While 2020 was looking like a reprieve, the world was then hit by the joys of Covid-19. Covid might not have impacted the quality of the grapes, but it certainly affected the vineyard and winery workers, the supply of harvesters (Fèvre handpicks, although 95 percent of the region uses machine harvesters) and, as it did with wineries around the world, greatly impacted sales (Brexit also threw a spanner into the works).
It was an earlier than usual vintage, although these days that applies to most years thanks to climate change. Perhaps a recalibration is needed. It has also been described as textbook. This is a vintage no lover of Chablis should miss.
Twenty twenty-one was an old-fashioned vintage or a throwback to the past, if one prefers, with some nearly polar conditions at times (if you like vibrant, acid-forward Chablis, consider 2021, though it was far from consistent). Far too early for 2022, but there are some good noises being made.
Séguier was in town recently to go through his 2020 wines, inevitably a fascinating exercise. While both the Petit Chablis and Chablis were fine examples of what Fèvre offers, the interest naturally falls on the Premier Cru and Grand Cru wines.
William Fèvre 2020 tasting notes
Some brief notes on the 2020s. It is worth noting that Séguier suggests that it is the warm vintages in the past that have proved the most age worthy; 2020 could be with us for a very long time then.
Beauroy: Pure, pristine, and intense. A hint of flint with lemon zest and grapefruit notes. Minerally backing. Fèvre has 1.1 hectares. 92.

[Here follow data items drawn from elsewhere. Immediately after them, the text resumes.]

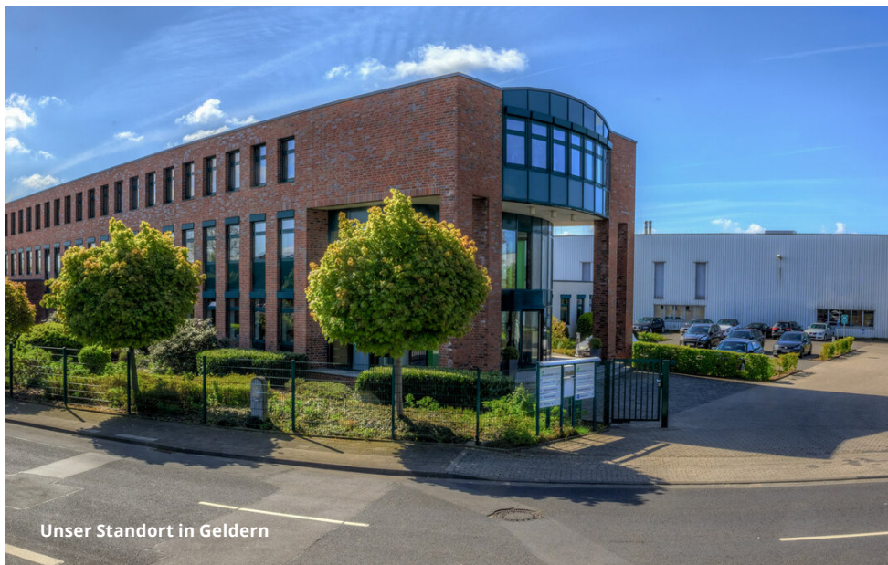
Unser Standort in Geldern

Menschen und Lebewesen auf unserem Planeten verpflichtet. Was in unserer Verantwortung steht, sollte auch getan werden, damit die Nachkommen eine möglichst intakte Umwelt und ein funktionierendes Ökosystem wiederfinden können.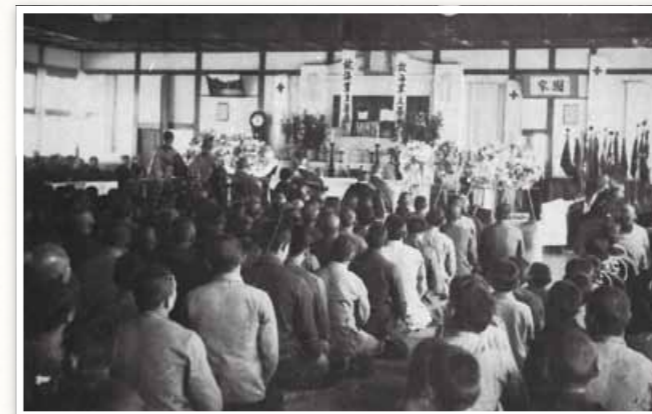
日中戦争戦死者の合同葬 [武雄市教育委員会]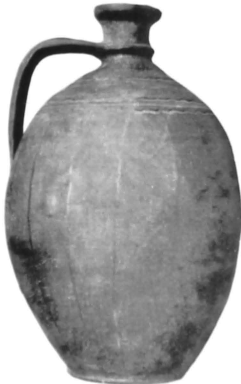
Urcior lucrat de Vasile Ochiană din Crețești.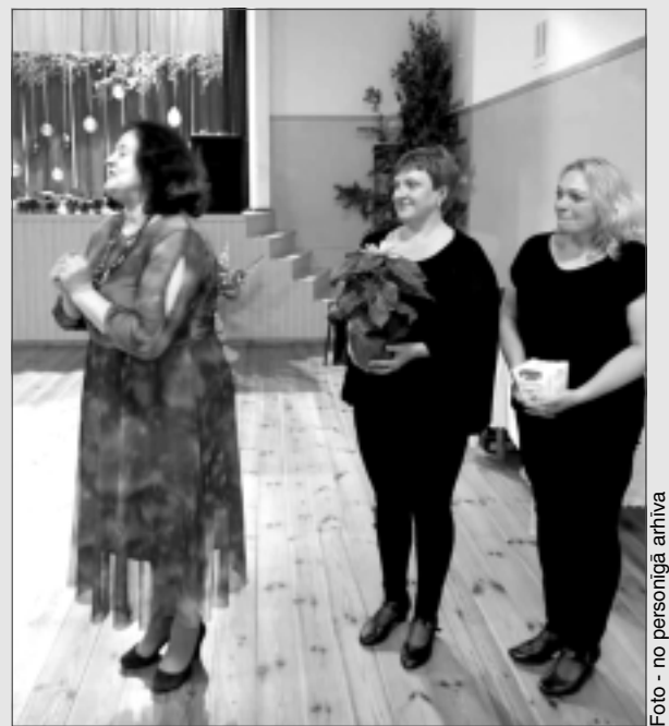
Sveic novadniece. Briežuciema "Optimistes" jubilejā sveic novadniece no Sēlijas.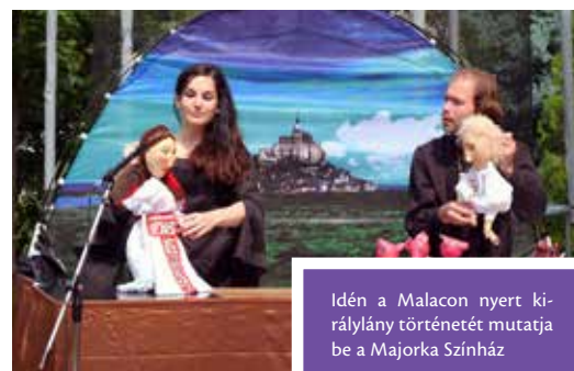
Idén a Malacon nyert királynő történetét mutatja be a Majorka Színház

Montmains: Fèvre hold an impressive 3.8 hectares. Citrus, hazelnut, and gun smoke notes. Lovely soft wine with elegance. Should offer pleasure for at least the next six to eight years. 94.
Vaillons: Broader, richer, and burlier than some. Good concentration. There are mineral and oyster shell notes here. Fèvre holds over 3.5 hectares across 12 plots. 93.
Les Lys: Two plots consisting of one hectare in total. Floral, expressive, and complete with grapefruit notes and a chalky backing. A fine line of salinity. Bright acidity. Good future. 94.
Mont de Milieu: A little muted at the moment but with citrus and mineral notes. Needs a couple of years to come into its own and then should drink well for a decade. 93.
Fourchaume: This is the largest Premier Cru and Fèvre has six hectares. The wine is a cracker. Juicy salivating acidity. Gunflint and lemon butter notes. Seabreeze hints. Great length. 95.
Bougros (Grand Cru): Fèvre has six of the 16 hectares that constitute this Grand Cru. Composed, with notes of oyster shells, florals, citrus, gunflints, and talc. Power and drive. Impressive but needs time before one should consider opening it. 94.
Bougros Cote de Bouguerots (Grand Cru): This is a discrete section of the Bougros Grand Cru and usually considered to offer enough difference to be bottled separately. A coiled, tight, classic Chablis. Sea breezes and oyster shells. Chalk and minerals. Great length here as well as balance and power. Long future. 95.
Vaudésir (Grand Cru): Gun smoke and crisp apples. Florals and orange rind. Seductive texture. A burly richness. Lingers nicely. Give it the time it deserves. 95.
Les Clos (Grand Cru): The big gun. Power and serious intensity. A ripeness but it is fresh and focused. A glorious creamy texture. Balanced and so long, this is a worthy Grand Cru. Florals, grapefruit notes, oyster shells. Wonderful stuff. 97.
Prices will vary, but the Les Clos should exceed AUD$300. Not cheap but a fraction of what some producers are charging. William Fèvre has once again taken its place among the great estates of Chablis.